Karena itu, diskusi KJK Tangerang Raya mendorong agar masyarakat tidak hanya mengetahui bahwa forum tersebut ada, tetapi juga memahami apa kewenangannya, kepada siapa forum bertanggung jawab, bagaimana hasil pengaduan ditindaklanjuti, dan sejauh mana suara pelanggan benar-benar memengaruhi peningkatan pelayanan.

Kebijakan tarif air minum juga menjadi salah satu isu yang dibahas.
Yayan menjelaskan bahwa tarif memiliki ketentuan yang mengacu pada regulasi, termasuk batas atas dan batas bawah serta Peraturan Wali Kota.
Dalam penyampaiannya, Yayan menyebut Perwal 70 Tahun 2022 sebagai salah satu ketentuan terkait tarif yang berlaku.
Selain tarif, persoalan tunggakan pembayaran pelanggan turut menjadi perhatian.
Yayan menjelaskan bahwa ketika pelanggan mengalami hambatan pembayaran atau tidak mampu membayar, layanan dapat ditangguhkan. Ketika pelanggan kemudian melakukan pembayaran, tunggakan sebelumnya tetap harus diselesaikan.
Persoalan tersebut dinilai menjadi bagian penting dalam hubungan antara perusahaan daerah dengan masyarakat.
Sebab, di satu sisi pelanggan memiliki kewajiban membayar penggunaan air, namun di sisi lain masyarakat juga memiliki hak untuk memperoleh pelayanan yang baik, informasi yang jelas, mekanisme pengaduan yang mudah serta penyelesaian persoalan yang transparan.
Persoalan teknis seperti kebocoran jaringan juga tidak luput dari pembahasan.
Informasi dari masyarakat dinilai penting ketika terjadi kebocoran air di lapangan. Semakin cepat informasi diterima, semakin cepat pula petugas dapat melakukan penanganan.
Kondisi jaringan dan kebocoran bukan sekadar persoalan teknis. Ketika kebocoran tidak segera ditangani, dampaknya dapat dirasakan langsung oleh pelanggan, termasuk terhadap tekanan dan kontinuitas aliran air.
Karena itu, Forum Pelanggan diharapkan dapat menjadi salah satu mata rantai komunikasi antara kondisi di lapangan dengan petugas Perumda Tirta Benteng.

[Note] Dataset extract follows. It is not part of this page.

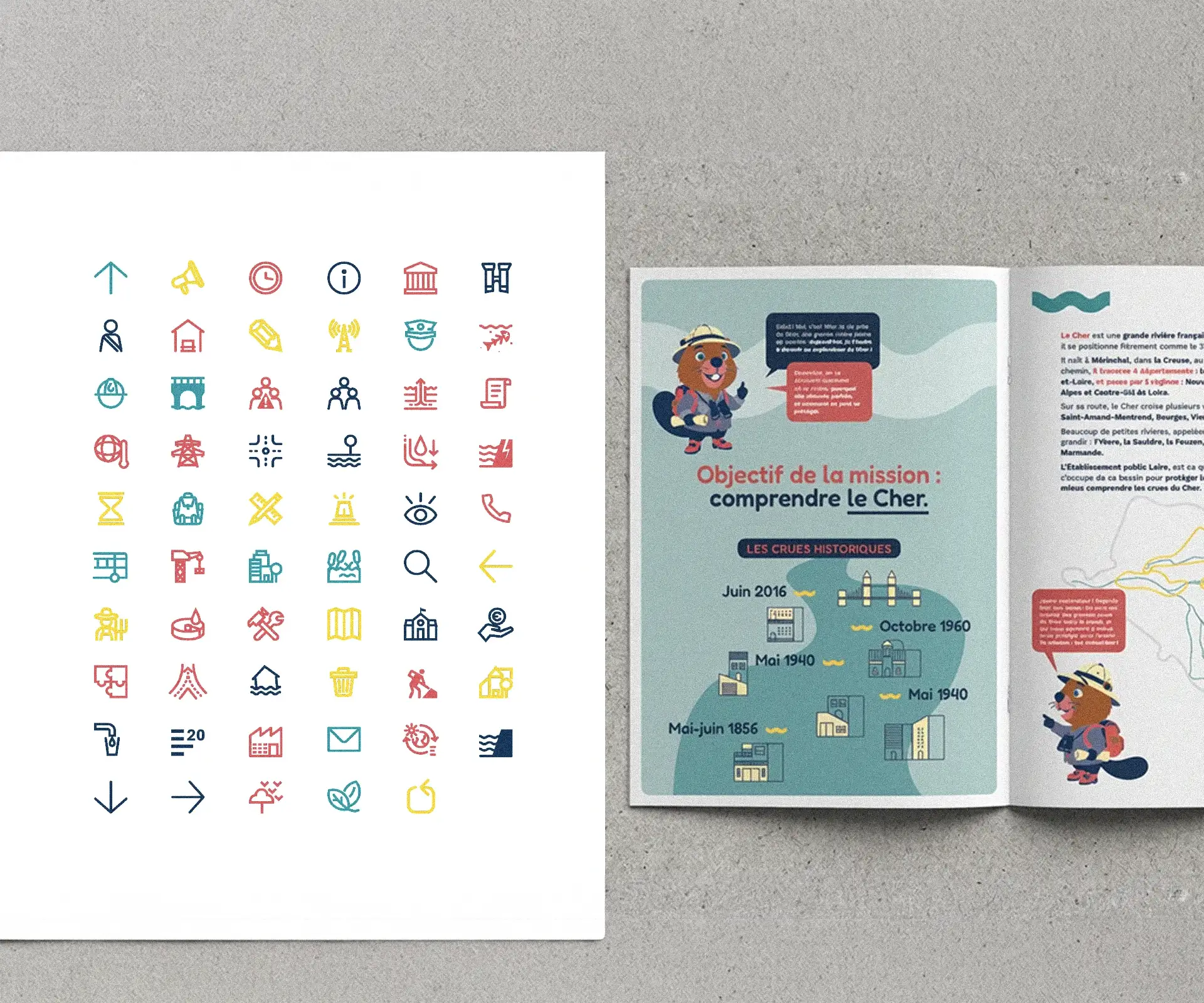 L’identité visuelle créee comprend la création du logo (déclinable pour chaque affluent), l’élaboration de la charte graphique, le développement d’une version animée ainsi qu’un système d’illustrations et de pictogrammes. L’ensemble forme un territoire graphique cohérent, pédagogique et facilement appropriable par les acteurs du territoire.

Kehadiran Yayan dan Budi dalam forum memberikan kesempatan kepada peserta untuk mendengar langsung penjelasan dari sisi internal Perumda Tirta Benteng.
Budi dari Bagian Kesekretariatan turut memberikan masukan terkait berbagai persoalan yang dibahas, khususnya mengenai komunikasi dengan pelanggan dan penyelenggaraan pelayanan.
Dengan demikian, diskusi tidak hanya mendapatkan perspektif dari sisi kehumasan, tetapi juga masukan dari unsur kesekretariatan perusahaan.
Bagi KJK Tangerang Raya, keterbukaan dialog menjadi penting karena Perumda Tirta Benteng merupakan perusahaan daerah yang bersentuhan langsung dengan kebutuhan dasar masyarakat.
Air bersih bukan sekadar komoditas bisnis. Di dalamnya terdapat hak masyarakat yang harus dipenuhi melalui pelayanan yang transparan, terukur dan berorientasi pada kepentingan pelanggan.
Karena itu, Forum Pelanggan idealnya tidak berhenti sebagai lembaga atau wadah komunikasi di atas kertas.
Yang jauh lebih penting adalah apa hasil forum tersebut, berapa banyak keluhan yang diselesaikan, berapa lama waktu penyelesaiannya, dan apakah pelanggan benar-benar merasakan perubahan pelayanan.
Di penghujung penyampaiannya, Yayan berharap seluruh pihak memiliki orientasi yang sama terhadap peningkatan kualitas pelayanan.
“Harapannya sore hari ini tentunya kita bisa sama-sama berorientasi untuk peningkatan pelayanan.” jelas, Yayan
Pernyataan tersebut menjadi penutup diskusi yang sekaligus membuka pekerjaan rumah bagi Perumda Tirta Benteng dan Forum Pelanggan.
Sementara itu, Agus M. Ramdhoni selaku ketua KJK Tangerang Raya berharap, forum semacam ini tidak hanya menjadi agenda diskusi sesaat, tetapi dapat menjadi ruang kontrol publik yang sehat antara masyarakat, pelanggan, jurnalis dan Perumda Tirta Benteng.
Keterbukaan data, kepastian regulasi, kejelasan mekanisme pengaduan dan kecepatan penyelesaian persoalan menjadi sejumlah hal yang dinilai penting untuk terus dikawal.
Sebab, pelanggan tidak hanya membutuhkan air yang mengalir. Mereka juga membutuhkan kepastian bahwa ketika terjadi masalah, suara mereka didengar dan keluhannya benar-benar diselesaikan, tutupnya.